Stem workflows are built on top of the regular Stem queue runtime, but they are not just “tasks that sleep”. They add a workflow store, durable suspension state, and orchestration-specific runtime metadata.

Runtime components

StemWorkflowApp bundles:

  • runtime: workflow registration plus run execution/resume coordination once the internal workflow task is invoked
  • store: persisted runs, checkpoints, watchers, due runs, and results
  • eventBus: topic-based resume channel
  • app: the underlying StemApp with broker, backend, and worker

Internal execution task

Each workflow run is executed by an internal task named stem.workflow.run.

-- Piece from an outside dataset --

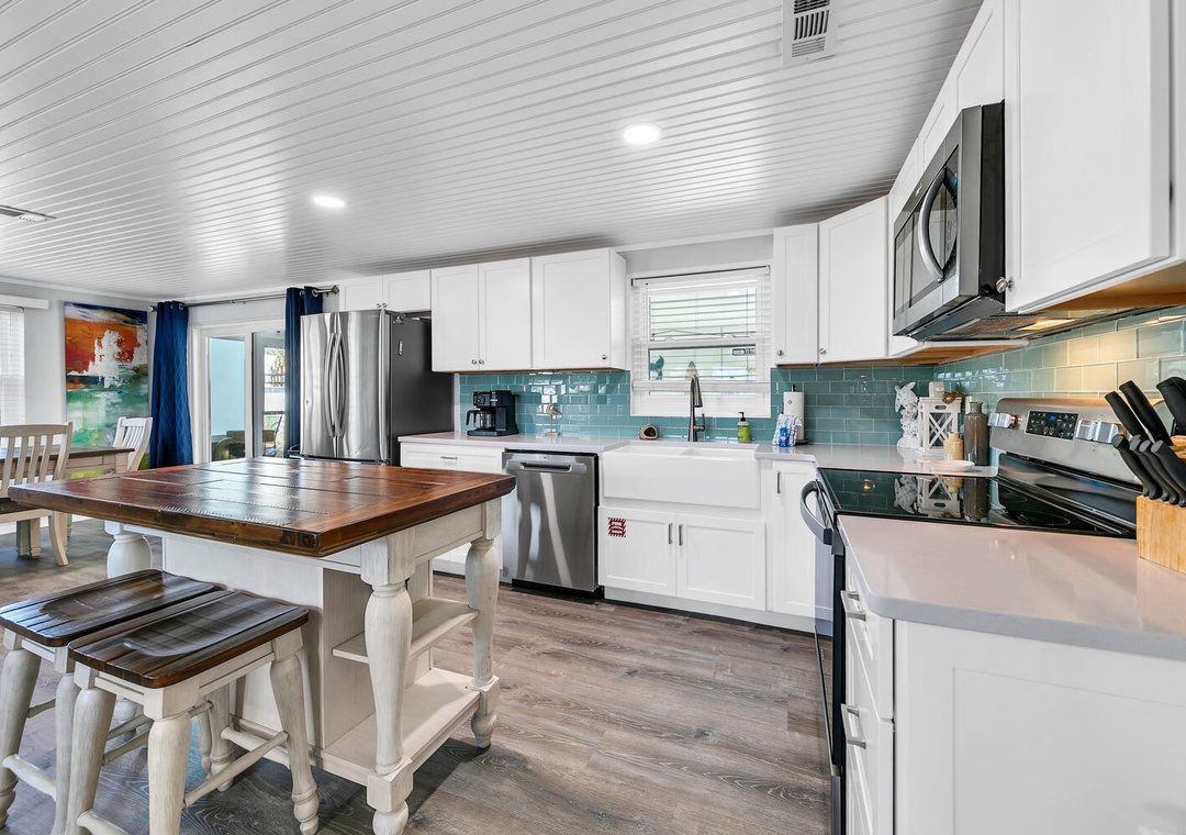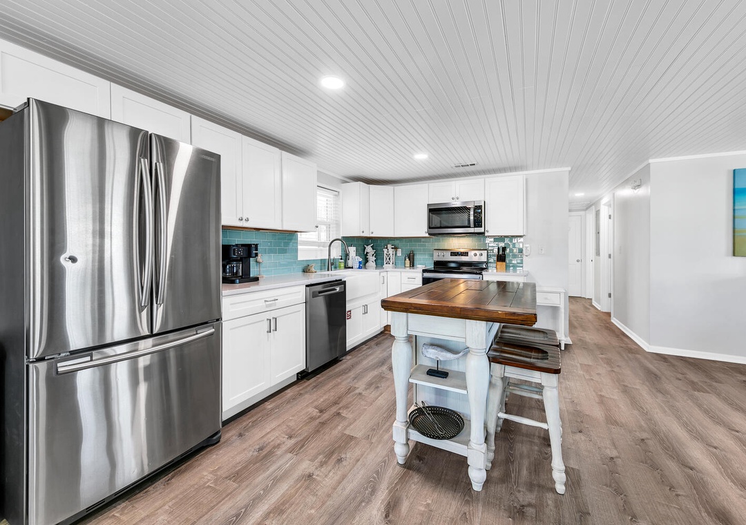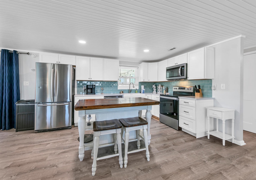 Welcome to your getaway at A Wave We Go! Nestled in the serene and family-friendly west end of the beach, this 3-bedroom, 2-bathroom home offers the perfect blend of comfort and convenience. Enjoy the master bedroom with a queen bed, a cozy queen bed in one guest room, and 2 twin beds in the other, making it perfect for up to 6 guests. Prepare anything from your morning coffee to a full-course meal in your well-equipped kitchen. Enjoy having dinner on your screen back porch and having morning coffee on your back porch. Come start making memories that will last a lifetime at A Wave We Go!

That task is delivered on the orchestration queue, claimed by a worker, and then delegated into the workflow runtime.

This is why workflow logs show task lifecycle lines alongside workflow runtime lines.

State model

Stem keeps materialized workflow state in the workflow store:

  • run metadata and status
  • flow step results and script checkpoint results
  • suspension records
  • due-run schedules
  • topic watchers
  • runtime metadata such as queue and serialization info

That model is simpler to query from dashboards and store adapters, while still allowing durable resume and recovery.

Manifests

WorkflowRuntime.workflowManifest() exposes typed manifest entries for all registered workflows.

The manifest now distinguishes:

  • flow steps
  • script checkpoints

That distinction is reflected in the dashboard and generated metadata so script workflows no longer look like they are driven by a declared step list.

Leases and recovery

Workflow runs are lease-based.

  • a worker claims a run for a finite lease duration
  • the lease is renewed while the run is active
  • another worker can take over after lease expiry if the first worker crashes

Operational guidance:

  • keep workflow lease duration at or above the broker visibility timeout
  • renew leases before visibility or lease expiry
  • keep clocks in sync across workers

Those constraints determine whether recovery is clean under crashes or network delays.